Exercise aim -
Each entry should be set down again verbatim, with the images omitted.

Stored data entries
┄┄┄┄┄┄┄┄┄┄
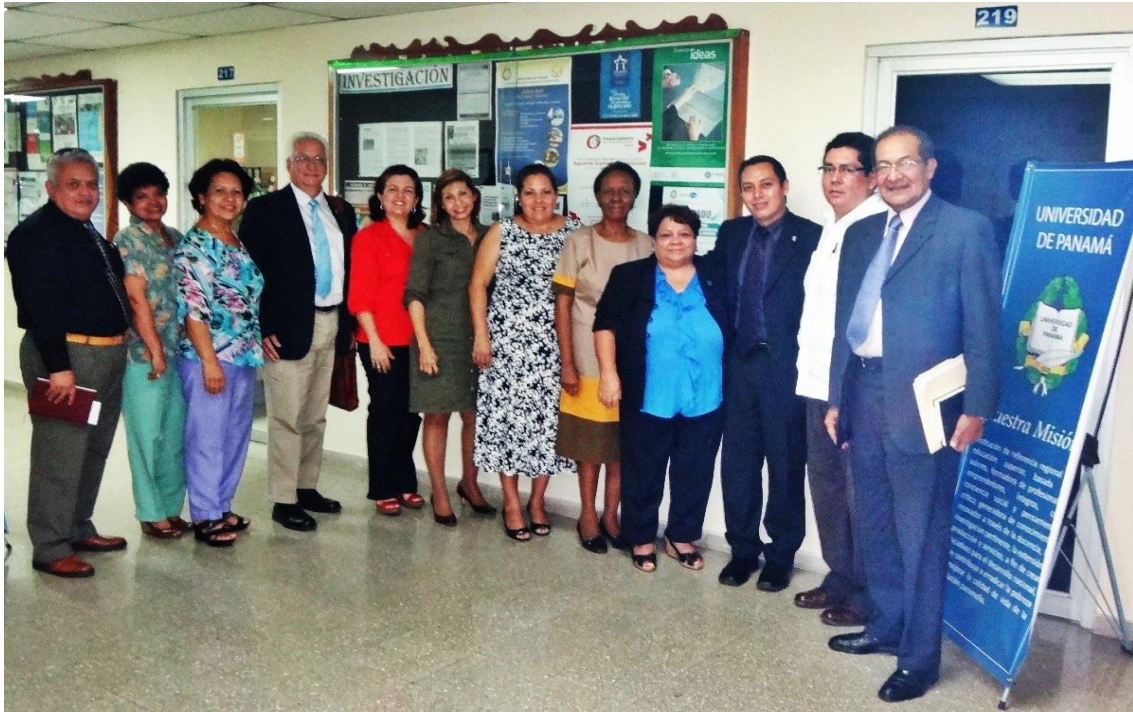
Equipo de Académicos de la EUCS y de la UP.

Julio 2014: Proyecto de Movilidad: “Fortalecimiento del desarrollo de competencias docentes y estudiantiles en el manejo de la terminología morfológica internacional y el campo de investigación en el área de ciencias morfológicas” participación de ocho docentes y nueve estudiantes del Departamento de Ciencias Básicas de la Salud de la EUCS, de las diferentes carreras; Enfermería, Odontología y Medicina en el 10° Simposio Ibero-latinoamericano de Terminología Anatómica, Embriológica e Histológica (SILAT X), que se realizó en Managua, Nicaragua, en el Campus de la Universidad Nacional Autónoma de Nicaragua. (13)
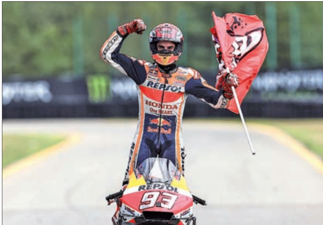
El leridano volvió a dominar de principio a fin en la carrera de Brno

Con 26 años todo hace indicar que su recorrido todavía parece
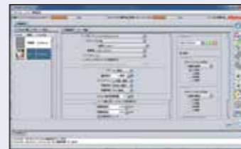
2. Thematisch zusammenhängende RIP-Einstellungen sind in einem Fenster zusammengefasst und lassen sich zur wiederkehrenden Nutzung als Favoriten ablegen.
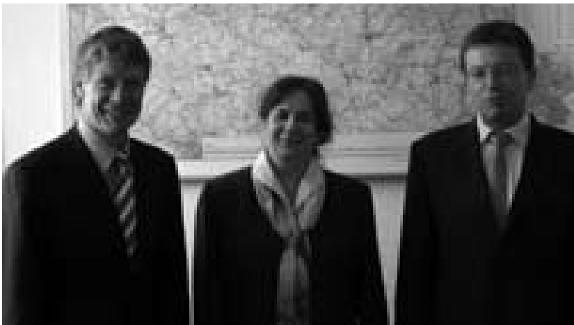
In offener und konstruktiver Atmosphäre gab es dennoch genügend Gelegenheit, auf die derzeitigen Probleme der Zahnärzteschaft aufmerksam zu machen.
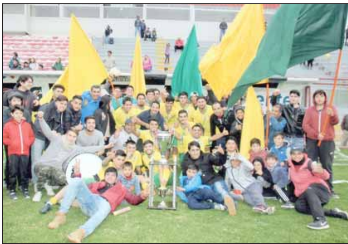
El club Central de Putaendo se convirtió en el mejor de todos en el torneo de la Amistad.
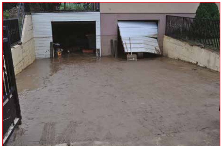
Maison inondée rue des Lilas
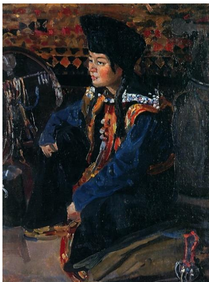
Рисунок 4. «Алтайка в чегедеке» Г.И. Чорос-Гуркин

треугольники (простые и заштрихованные), вписанные треугольники, ромбы, прямоугольники и квадраты, зубцы, сетка, диагонально пересеченные прямоугольники, меандр, Г-образные фигуры, кресты и близкие к ним узоры. К криволинейным относятся простая и S-видная спираль, парноспиральные фигуры, среди них характерная для алтайцев «кульдя» (соединение ромба с парной спиралью) [13, с. 30]. Наиболее устойчивую группу составляют геометрические изображения типа «крест» (саркай), «гусь» (кас), «гребень» (тарак), «корыто» (тоскуур).
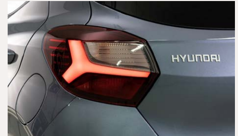
LED-es hátsó lámpák
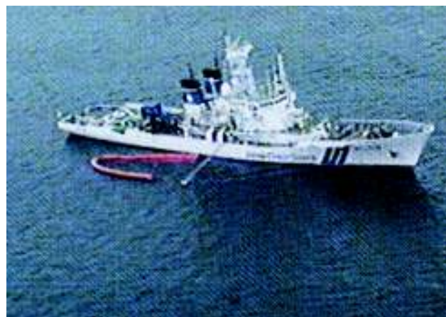
「大型真空式油回収装置」運用中の巡視船えりも

また、本訓練では漁場油濁被害救済基金が研究開発した「(小型)簡易流出油回収装置」を網走漁協所属漁船に設置し運用訓練を実施しました。
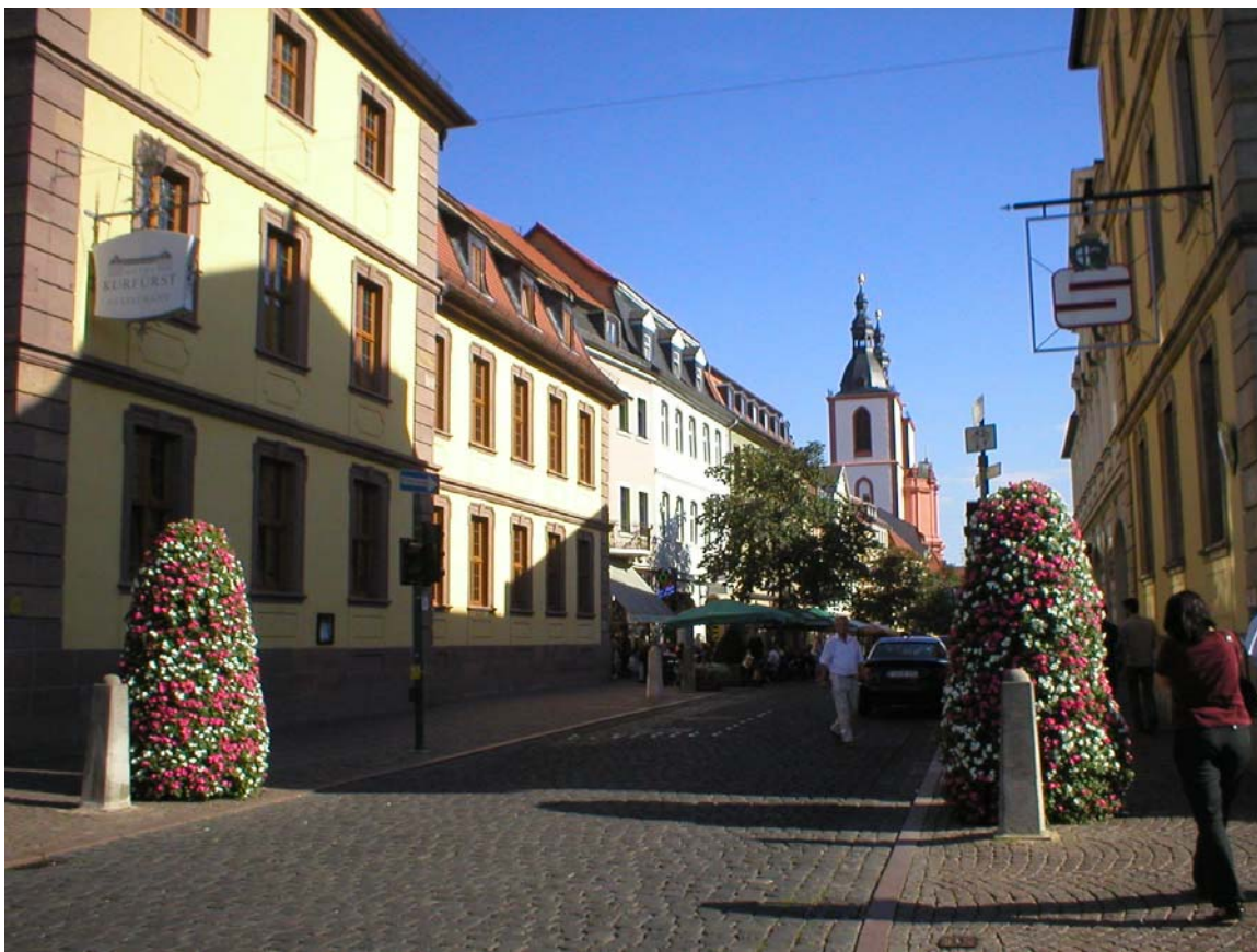
En "typisk" Fulda gata..

Var 28 grader varmt när jag kom hit vid fyra tiden, nu vid tio-tiden är det fortfarande perfekt väder (+24) och uteserveringarna är nästan fullsatta. Fulda är inte stort och jag har nog sett det jag vill se här så imorgon fortsätter jag i riktning mot Kassel.
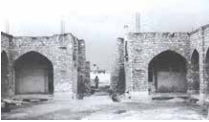
Fotoğraf 4 Hângâhın avlu duvarları, Hângâh ve Aramgâh-ı Çelebioğlu, s.43
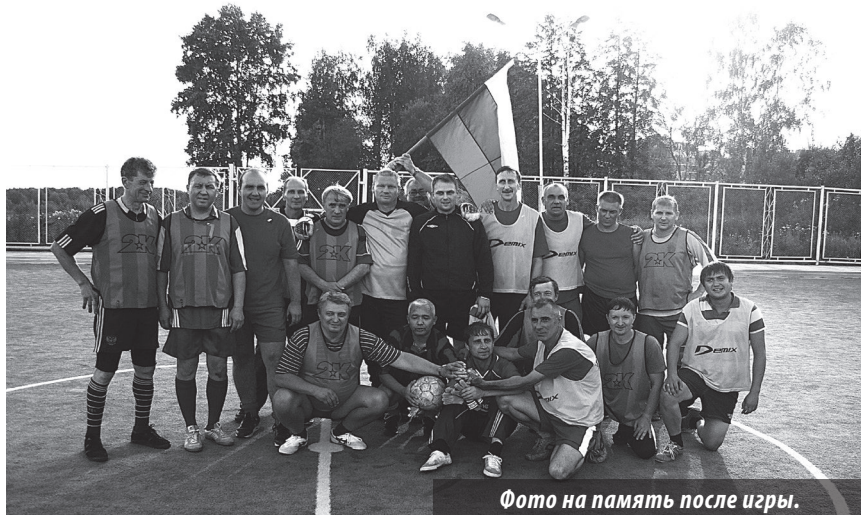
Фото на память после игры.
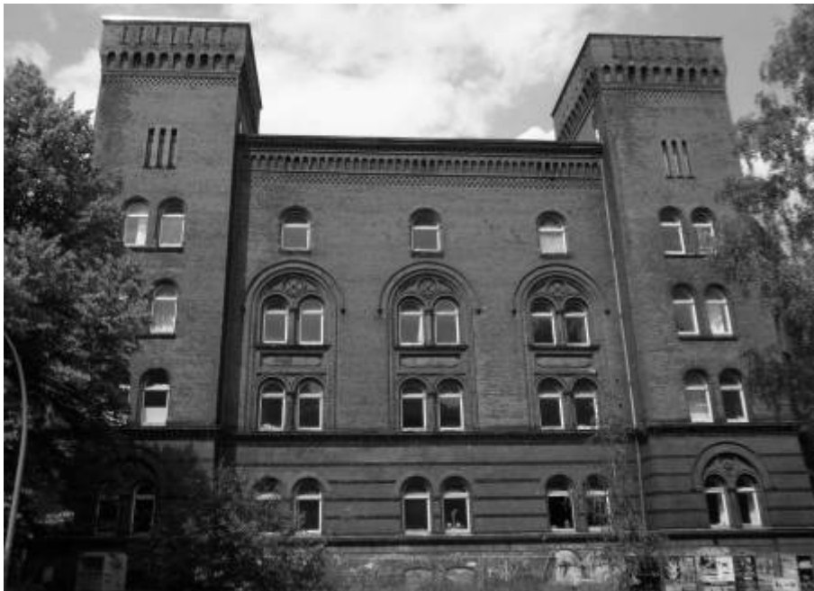
Abb. 1: Das letzte größere Relikt der ehemaligen »Victoria-Kaserne«: der sogenannte »Block III« an der Bodenstedtstraße/Ecke Zeiseweg in Hamburg-Altona.

Auf den vom AKENS konzipierten Ausstellungstafeln wird ein eher unbekanntes Kapitel der Altonaer Stadtgeschichte dargestellt. Sie thematisieren u. a. die Aufgaben von städtischer und staatlicher Polizei, die Biografien einiger Polizeipräsidenten, die Gebäudenutzung, das Wahlverhalten im Stadtteil, den vergessenen Bürgerkrieg 2 Anfang der 1930er-Jahre, den »Altonaer Blutsonntag« vom 17. Juli 1932, politische Polizei und Gestapo, den Übergang in die Hamburger Polizei nach 1937 und die Entnazifizierung nach Kriegsende.
┄┄┄┄┄┄┄┄┄┄
Reply -
Equipo de Académicos de la EUCS y de la UP.

Julio 2014: Proyecto de Movilidad: “Fortalecimiento del desarrollo de competencias docentes y estudiantiles en el manejo de la terminología morfológica internacional y el campo de investigación en el área de ciencias morfológicas” participación de ocho docentes y nueve estudiantes del Departamento de Ciencias Básicas de la Salud de la EUCS, de las diferentes carreras; Enfermería, Odontología y Medicina en el 10° Simposio Ibero-latinoamericano de Terminología Anatómica, Embriológica e Histológica (SILAT X), que se realizó en Managua, Nicaragua, en el Campus de la Universidad Nacional Autónoma de Nicaragua. (13)
El leridano volvió a dominar de principio a fin en la carrera de Brno

Con 26 años todo hace indicar que su recorrido todavía parece
2. Thematisch zusammenhängende RIP-Einstellungen sind in einem Fenster zusammengefasst und lassen sich zur wiederkehrenden Nutzung als Favoriten ablegen.
In offener und konstruktiver Atmosphäre gab es dennoch genügend Gelegenheit, auf die derzeitigen Probleme der Zahnärzteschaft aufmerksam zu machen.
El club Central de Putaendo se convirtió en el mejor de todos en el torneo de la Amistad.
Maison inondée rue des Lilas
Рисунок 4. «Алтайка в чегедеке» Г.И. Чорос-Гуркин

треугольники (простые и заштрихованные), вписанные треугольники, ромбы, прямоугольники и квадраты, зубцы, сетка, диагонально пересеченные прямоугольники, меандр, Г-образные фигуры, кресты и близкие к ним узоры. К криволинейным относятся простая и S-видная спираль, парноспиральные фигуры, среди них характерная для алтайцев «кульдя» (соединение ромба с парной спиралью) [13, с. 30]. Наиболее устойчивую группу составляют геометрические изображения типа «крест» (саркай), «гусь» (кас), «гребень» (тарак), «корыто» (тоскуур).
LED-es hátsó lámpák
「大型真空式油回収装置」運用中の巡視船えりも

また、本訓練では漁場油濁被害救済基金が研究開発した「(小型)簡易流出油回収装置」を網走漁協所属漁船に設置し運用訓練を実施しました。
En "typisk" Fulda gata..

Var 28 grader varmt när jag kom hit vid fyra tiden, nu vid tio-tiden är det fortfarande perfekt väder (+24) och uteserveringarna är nästan fullsatta. Fulda är inte stort och jag har nog sett det jag vill se här så imorgon fortsätter jag i riktning mot Kassel.
Fotoğraf 4 Hângâhın avlu duvarları, Hângâh ve Aramgâh-ı Çelebioğlu, s.43
Фото на память после игры.
Abb. 1: Das letzte größere Relikt der ehemaligen »Victoria-Kaserne«: der sogenannte »Block III« an der Bodenstedtstraße/Ecke Zeiseweg in Hamburg-Altona.

Auf den vom AKENS konzipierten Ausstellungstafeln wird ein eher unbekanntes Kapitel der Altonaer Stadtgeschichte dargestellt. Sie thematisieren u. a. die Aufgaben von städtischer und staatlicher Polizei, die Biografien einiger Polizeipräsidenten, die Gebäudenutzung, das Wahlverhalten im Stadtteil, den vergessenen Bürgerkrieg 2 Anfang der 1930er-Jahre, den »Altonaer Blutsonntag« vom 17. Juli 1932, politische Polizei und Gestapo, den Übergang in die Hamburger Polizei nach 1937 und die Entnazifizierung nach Kriegsende.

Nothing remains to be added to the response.